Three-Dimensional Heart Patch May Repair Disease-Damaged Tissue

Researchers have used mouse embryonic stem cells to create a patch made of cardiomyocytes and cardiac fibroblasts that may one day be used to repair tissue damaged by heart disease.

Researchers at Duke University have used mouse embryonic stem cells to design a three-dimensional "patch" made up of cardiomyocytes that may become an important tool in repairing heart tissue that has been damaged by disease.

The new patch, which, according to the researchers, looks "much like a piece of Chex cereal," exhibited the two most important aspects of heart muscle cells - the ability to contract and to conduct electrical impulses. The flexibility of the new patch enabled the researchers to alter the shape and length of the pores to control the direction in which the new cells were growing.

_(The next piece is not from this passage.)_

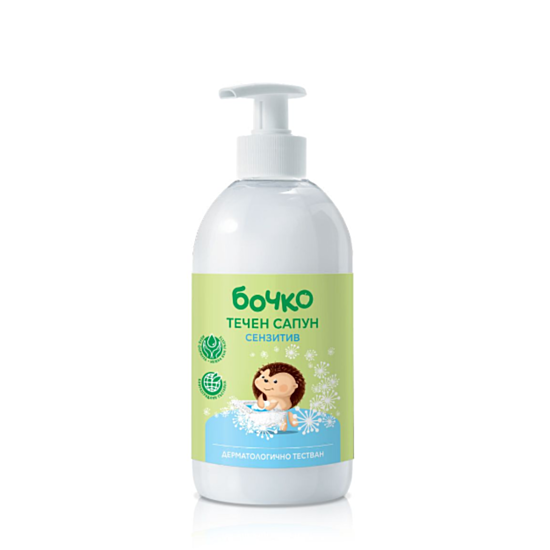 БОЧКО ТЕЧЕН САПУН СЕНЗИТИВ 500МЛ е течен сапун за ръце, специално предназначен за чувствителната детска кожа. Той почиства добре кожата, без да я изсушава, а добавеният глицерин прави кожата мека и запазва естественият и баланс. Продуктът е подходящ за употреба при чувствителна и склонна към алергии кожа. Сапунът може да се ползва от деца и от възрастни.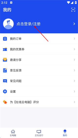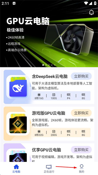 1、進入軟件云電腦頁面,點擊右下角我的。

According to researcher Brian Liau, a graduate student in biomedical engineering at Duke's Pratt School of Engineering, growing cardiomyocytes on their own led to an "unorganized ball of cells." However, when the researchers added cardiac fibroblasts to the growing cells, which make up as much as 60% of all cells in the human heart, "a nourishing environment that stimulated the cells to grow as if they were in a developing heart" was created, Liau said.

The researchers "grew the cells in an environment much like that found in natural tissues." The cells were encapsulated in a gel composed of fibrin and cardiac fibroblasts. Although the results of this research are a "proof-of-principle advance," said assistant professor Nenad Bursac, much more research must still be done before the patch would be ready for use in humans with heart disease.

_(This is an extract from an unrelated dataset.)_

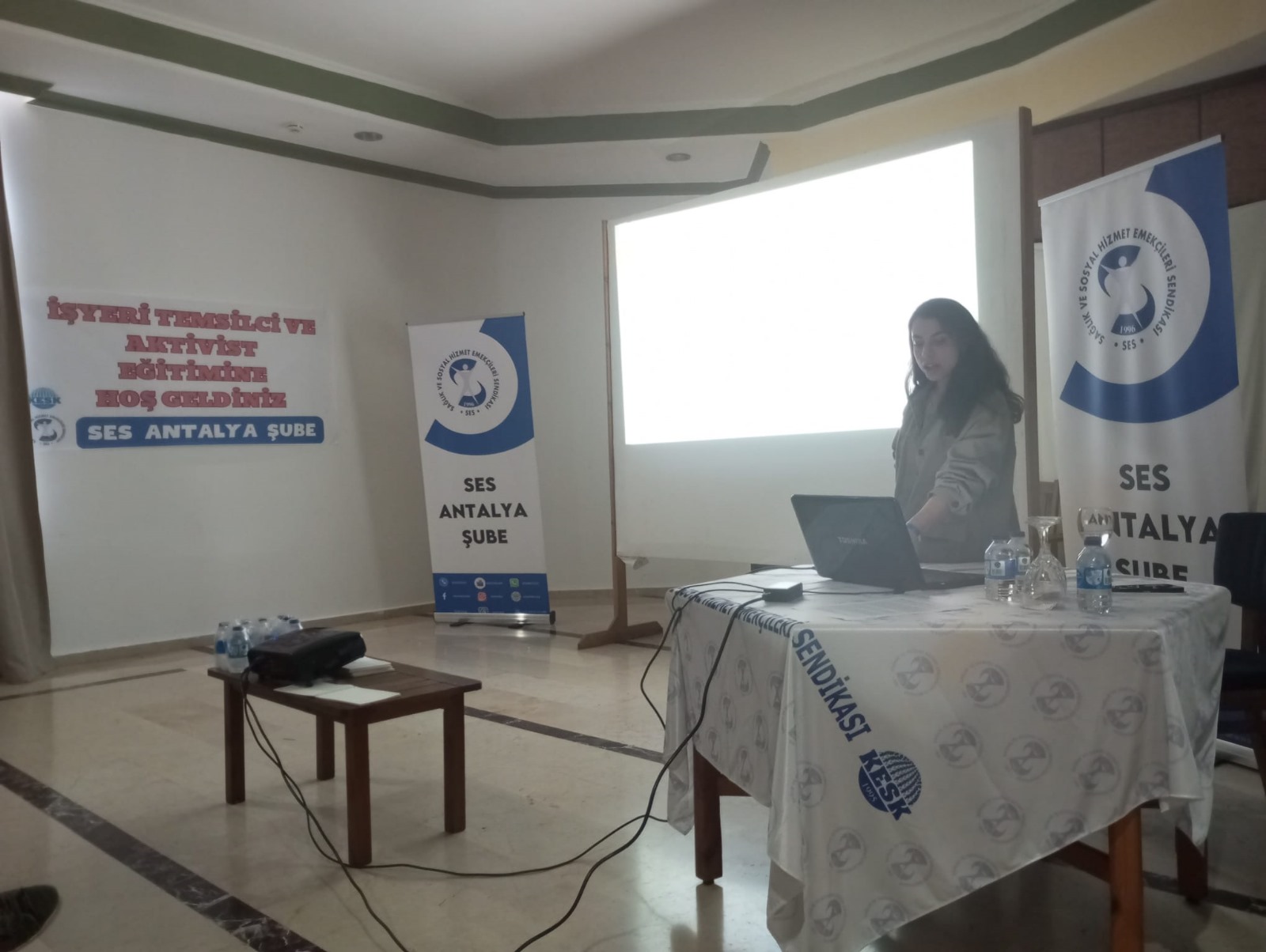 Tanışma bölümünün ardından Şube Eş Başkanımız Şükran İçöz kısa KESK ve SES tarihi sunumunu yaptı. Daha sonra Şube Eğitim, Örgütlenme, Basın Yayın ve Sosyal İşler Sekreterimiz Aslı Soydar Örgütlenme Stratejileri, İş Yeri Temsilcilerinin Önemi ve Kurumsal İşleyiş sunumunu yaptı. Verilen aranın ardından Şube Eş Başkanımız Kaan Taşer Sağlıkta Şiddet ve Şiddetle Başa Çıkma Yöntemleri sunumunu gerçekleştirdi. Yapılan sunumların ardından soru cevap bölümüyle eğitim sona erdi.

"While we were able to grow heart muscle cells that were able to contract with strength and carry electric impulses quickly, there are many other factors that need to be considered," Bursac said. "The use of fibrin as a structural material allowed us to grow thicker, three-dimensional patches, which would be essential for the delivery of therapeutic doses of cells. One of the major challenges then would be establishing a blood vessel supply to sustain the patch."

Liau presented the results of the study at the annual scientific sessions of the Biomedical Engineering Society in Pittsburgh.